Infers FlashAttributes for a raw NAND dump tagged as FlashResource.

Ranks each standard (data_size, oob_size) geometry that evenly divides the file by running a library of heuristics (Linux MTD large-page OOB, YAFFS2 packed tags, small-page ECC density, exact Linux MTD Hamming verification) plus entropy and OOB-aligned gap tiebreakers.

The returned FlashAttributes describes one data block containing DATA followed by SPARE of the OOB size, so the existing FlashOobResourceUnpacker preserves the per-block spare region verbatim as a FlashSpareAreaResource when unpacking (rather than discarding it).

If no standard geometry evenly divides the file into a power-of-two page count, the analyzer logs a warning and returns no attributes rather than raising, so that other analyzers (e.g. BinwalkAnalyzer) can still run on the same resource.

analyze(self, resource, config=None) async

Analyze a resource for to extract specific ResourceAttributes.

Users should not call this method directly; rather, they should run Resource.run or Resource.analyze.

Parameters:

Name Type Description Default
resource Resource

The resource that is being analyzed

required
config Optional[ofrak.core.flash.analyzer.FlashGeometryHeuristicAnalyzerConfig]

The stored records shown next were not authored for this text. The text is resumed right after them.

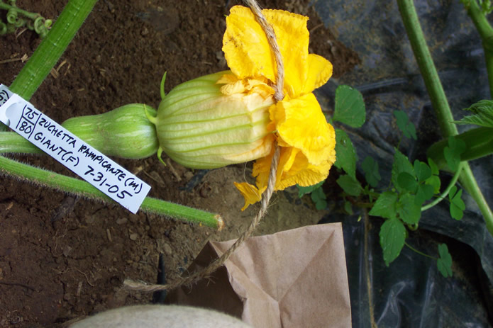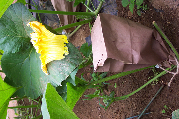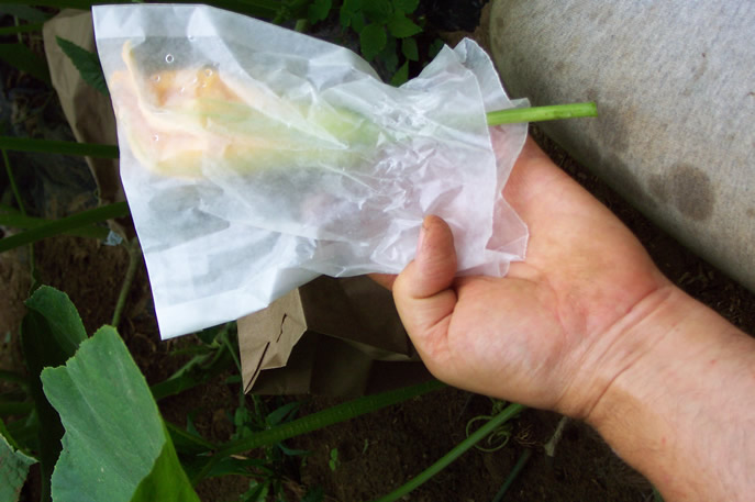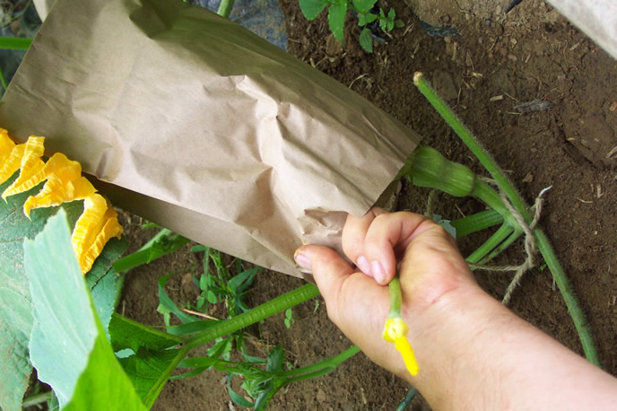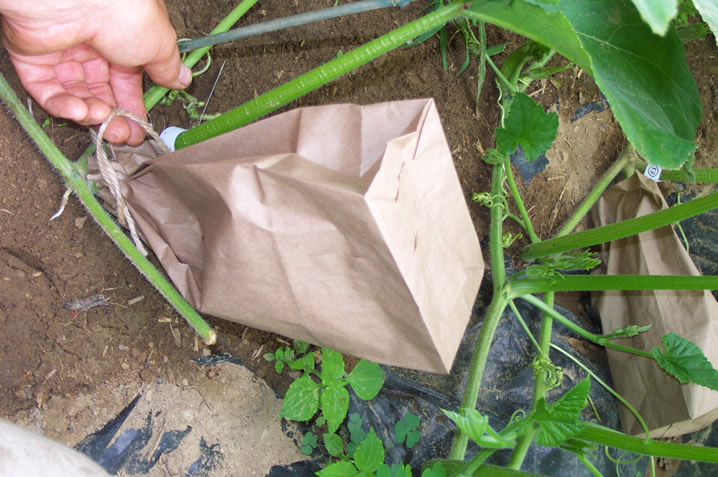 The paper bag is placed back over the female flower to block view of the female flower from polinating insects.
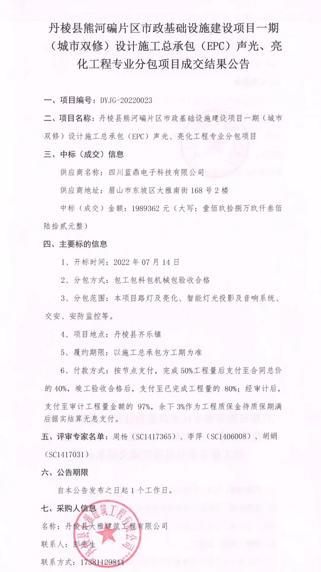 丹棱縣熊河碥片區市政基礎設施建設項目一期(城市雙修)設計施工總承包(EPC)聲光、亮化工程專(zhuān)業(yè)分包項目成交結果公告
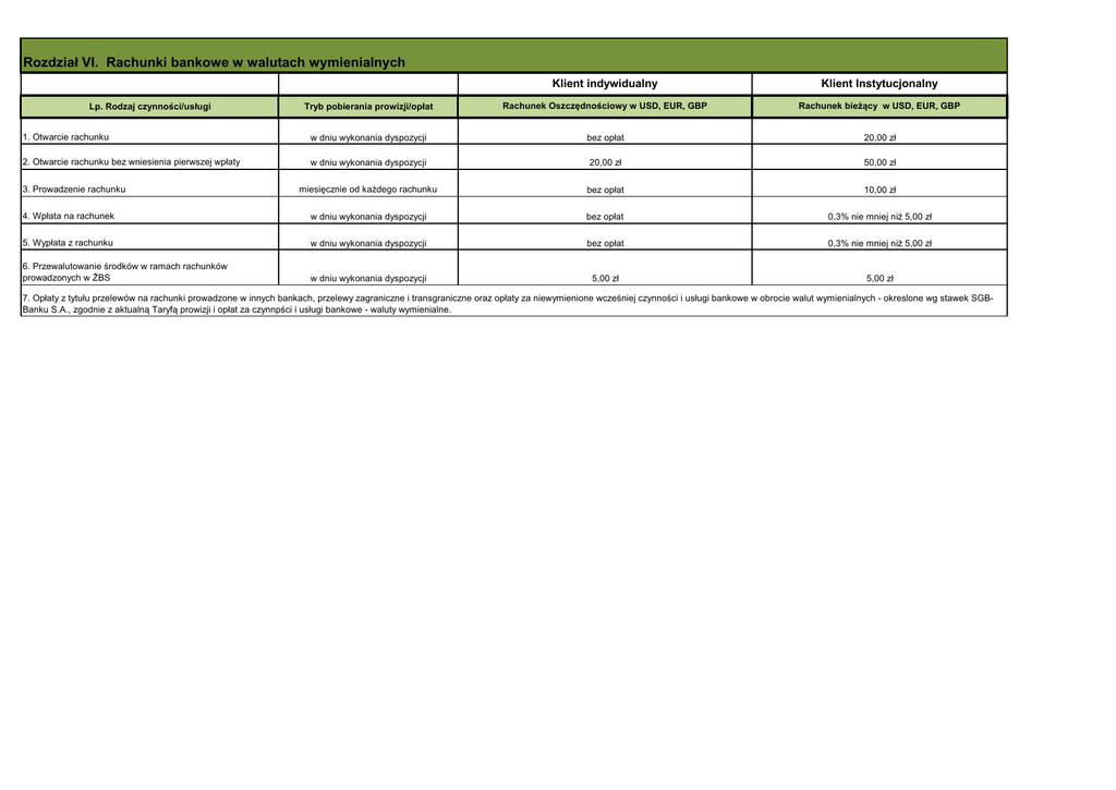 Rozdział VI. Rachunki bankowe w walutach wymienialnych Klient indywidualny Klient Instytucjonalny Tryb pobierania prowizji/opłat Rachunek Oszczędnościowy w USD, EUR, GBP Rachunek bieżący w USD, EUR, GBP 1. Otwarcie rachunku w dniu wykonania dyspozycji bez opłat 20,00 zł 2. Otwarcie rachunku bez wniesienia pierwszej wpłaty w dniu wykonania dyspozycji 20,00 zł 50,00 zł miesięcznie od każdego rachunku bez opłat 10,00 zł 4. Wpłata na rachunek w dniu wykonania dyspozycji bez opłat 0,3% nie mniej niż 5,00 zł 5. Wypłata z rachunku w dniu wykonania dyspozycji bez opłat 0,3% nie mniej niż 5,00 zł 6. Przewalutowanie środków w ramach rachunków prowadzonych w ŻBS w dniu wykonania dyspozycji 5,00 zł 5,00 zł Lp. Rodzaj czynności/usługi 3. Prowadzenie rachunku 7. Opłaty z tytułu przelewów na rachunki prowadzone w innych bankach, przelewy zagraniczne i transgraniczne oraz opłaty za niewymienione wcześniej czynności i usługi bankowe w obrocie walut wymienialnych - okreslone wg stawek SGBBanku S.A., zgodnie z aktualną Taryfą prowizji i opłat za czynnpści i usługi bankowe - waluty wymienialne.
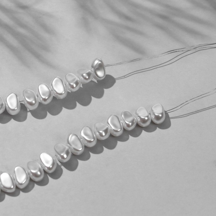Бусины пластиковые на нити «Жемчуг» 0,9×0,6×0,4 см, (набор 160 шт.), цвет белый
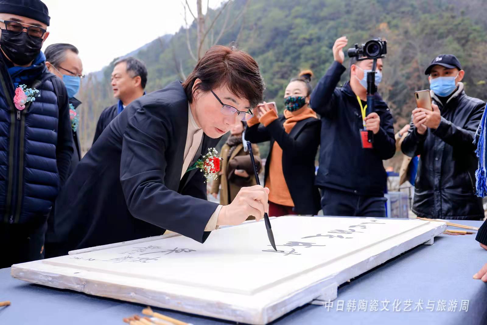 旅日藝術家熊峰出席中日韓陶瓷文化藝術與旅遊周藝術特展活動時題詞:以心相交,成其久遠
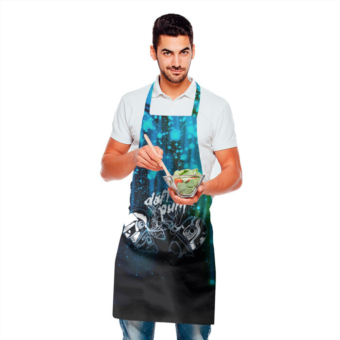 Фартук 3D сшит из гладкой синтетической ткани, по всей поверхности которой наносится рисунок. Принт впечатывается в ткань и сохраняет свою яркость и четкость даже спустя сотни стирок. Завязки длинные, так что фартук подойдет людям с разной фигурой. Можно заказать со своим дизайном.
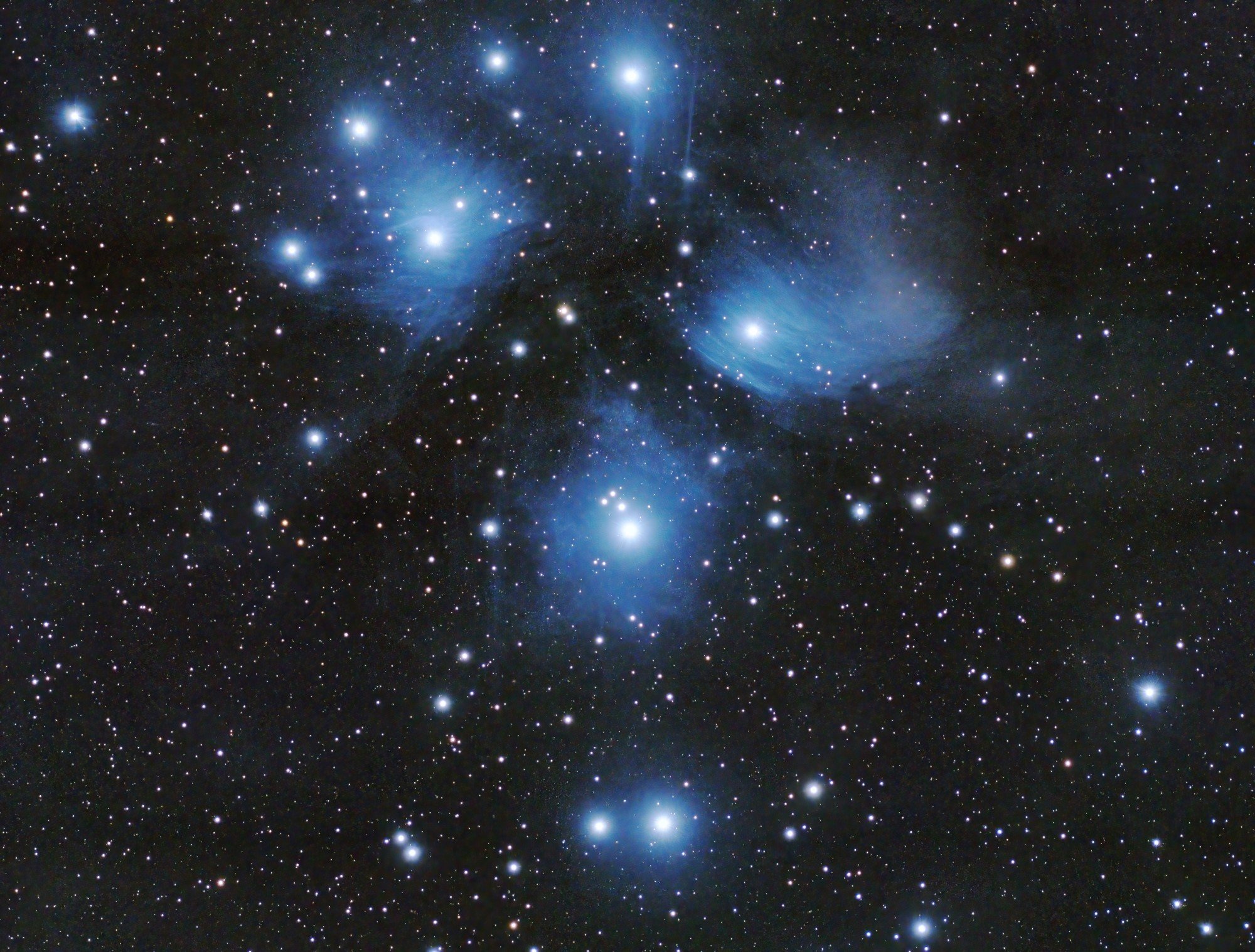 Je suis parti du fits de sauvegarde, vu que la version "empilée" puis starless, etc. était moins pêchue ! (et que j'aime bien M45 très saturée, comme vous le constatez
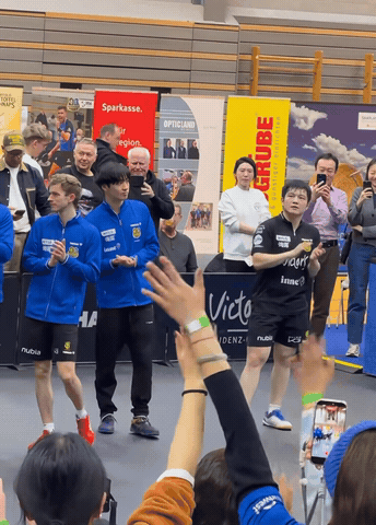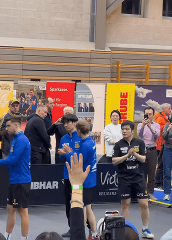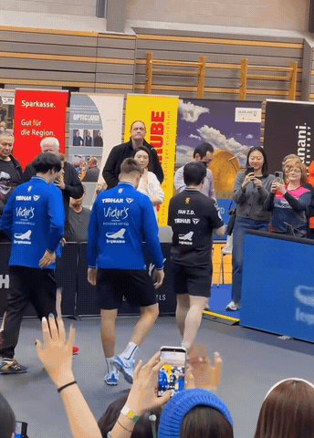 走岀来整理一下下场地还没来得及整理的湿透的沾在身上的球衣,樊振东四面环顾为他而来的球迷,相信他也很感动吧!
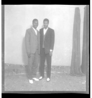 274. EAP449/2/25/274 Reference (shelfmark): EAP449/2/25/274 Title: Two men wearing suits both standing, one face-forward and the other in profile in the studio. Collection Area: Endangered Archives Programme Languages: Not applicable Date Range: 2nd half od the 20th century Extent: 1 TIFF image
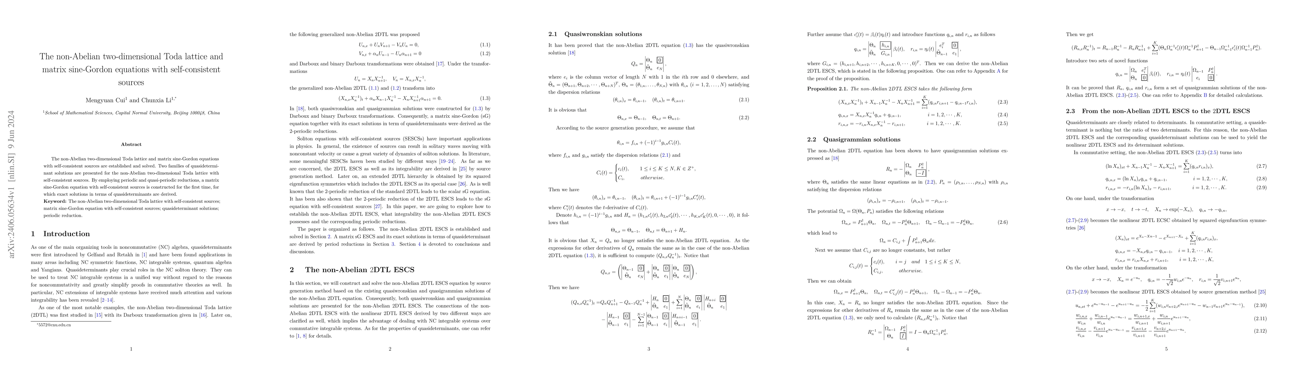 This paper establishes and solves the non-Abelian two-dimensional Toda lattice and matrix sine-Gordon equations with self-consistent sources, presenting quasideterminant solutions for both systems and deriving exact solutions for the matrix sine-Gordon equation via periodic and quasi-periodic reductions.
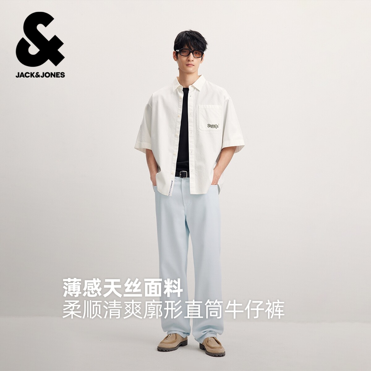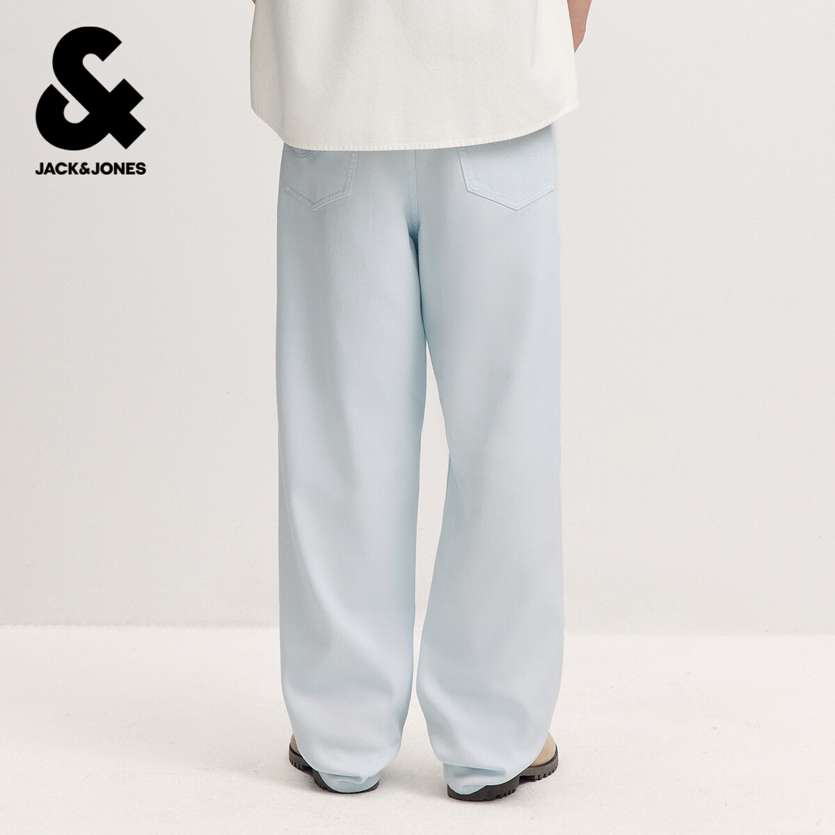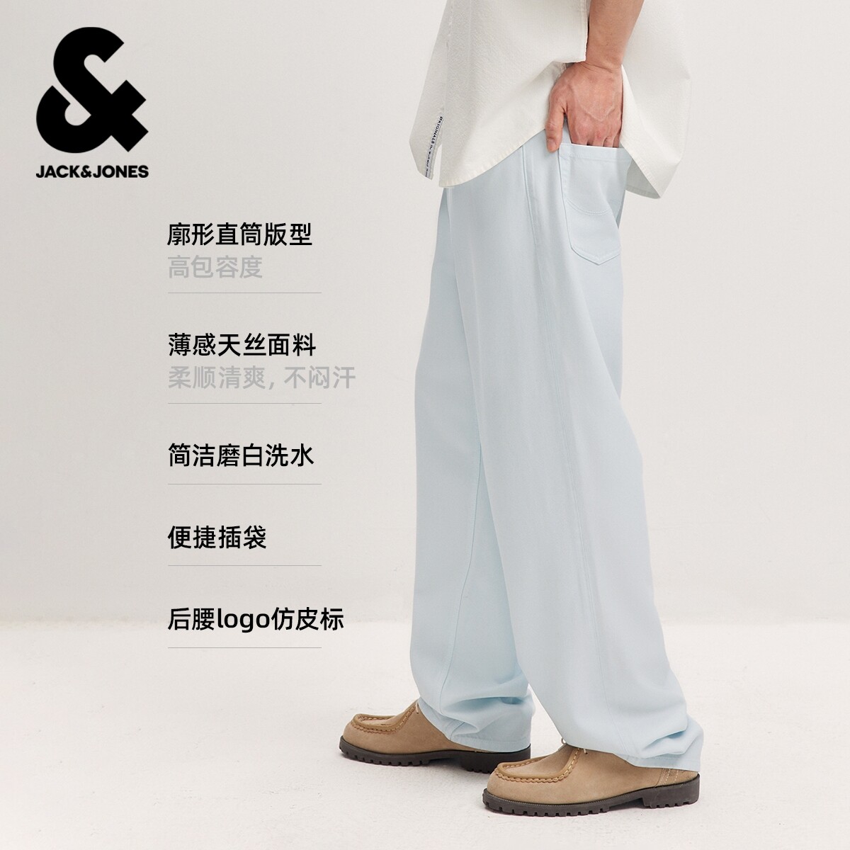 杰克琼斯奥特莱斯男装牛仔裤春秋新款水洗磨白舒适天丝廓形长裤子
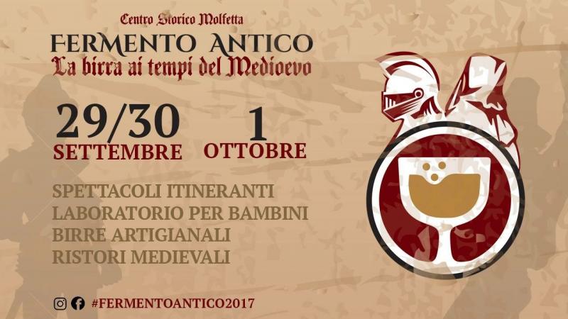 Fermento Antico è concepito come evento rievocativo e unirà la storica tradizione crociata della città di Molfetta al valore culturale ed enogastronomico della birra, bevanda molto amata e consumata dai cavalieri rossocrociati.
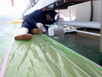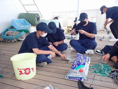 帰途につきながら、漁具の整備実習です。 船体整備実習の様子。養生をしっかり行います。
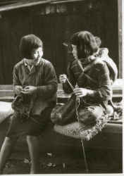 子守りをしながら友だちと編み物
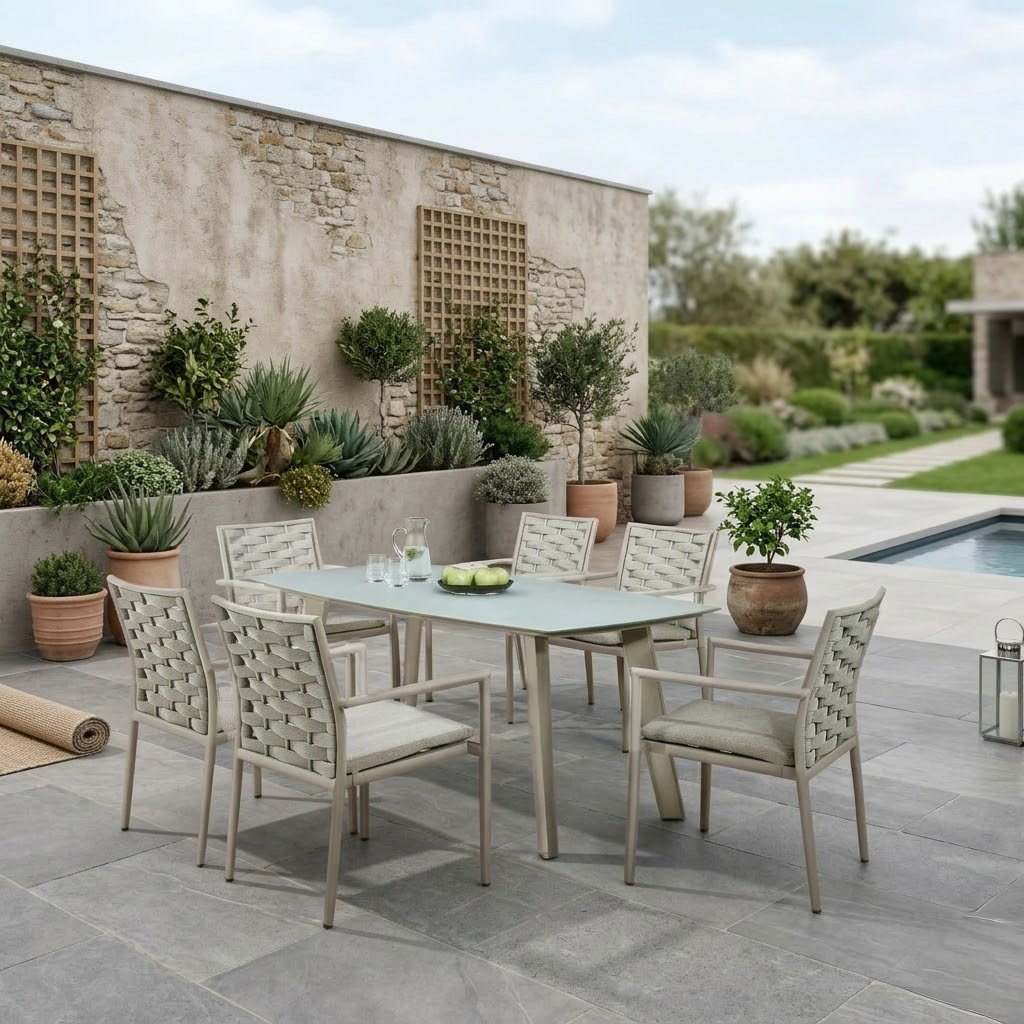 Matgruppen består av sex ergonomiskt utformade karmstolar och ett rymligt bord med gott om plats för familj och vänner. De väderbeständiga materialen gör möbeln idealisk för utomhusbruk, samtidigt som den behåller sitt stilrena utseende över tid.
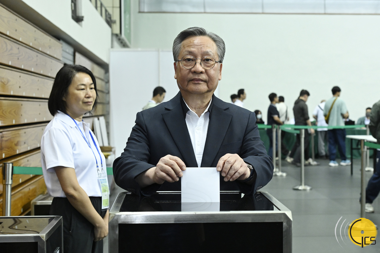 立法会主席高开贤今(14)日早上到所属的澳门理工大学体育馆票站投票。他接受记者访问时表示,投票流程十分顺利,呼吁合资格选民踊跃投票,积极履行公民权利。

Optional config for analyzing. If an implementation provides a default, this default will always be used when config would otherwise be None. Note that a copy of the default config will be passed, so the default config values cannot be modified persistently by a component run.

None

Returns:

Type Description
Tuple[ofrak.core.flash.flash.FlashAttributes, ...]

The analysis results

Source code in ofrak/core/flash/analyzer.py
async def analyze(
    self,
    resource: Resource,
    config: Optional[FlashGeometryHeuristicAnalyzerConfig] = None,
) -> Tuple[FlashAttributes, ...]:
    config = config or FlashGeometryHeuristicAnalyzerConfig()
    geometries = config.geometries()
    data = await resource.get_data()

    candidates = enumerate_candidates(len(data), geometries)
    if not candidates:
        LOGGER.warning(
            "No standard NAND geometry matches file size with a power-of-2 page count "
            "(file size: %d bytes). Skipping FlashAttributes inference.",
            len(data),
        )
        return ()

    heuristic_results = [
        run_heuristics(data, c, config.scan, config.heuristics) for c in candidates
    ]
    scored = [score_candidate(e, config.weights, geometries) for e in heuristic_results]
    winner = min(scored, key=lambda s: s.sort_key)
    winning_candidate = winner.evidence.candidate

    return (
        FlashAttributes(
            data_block_format=[
                FlashField(FlashFieldType.DATA, winning_candidate.data_size),
                FlashField(FlashFieldType.SPARE, winning_candidate.oob_size),
            ]
        ),
    )

FlashGeometryHeuristicAnalyzerConfig (ComponentConfig) dataclass

Config for FlashGeometryHeuristicAnalyzer.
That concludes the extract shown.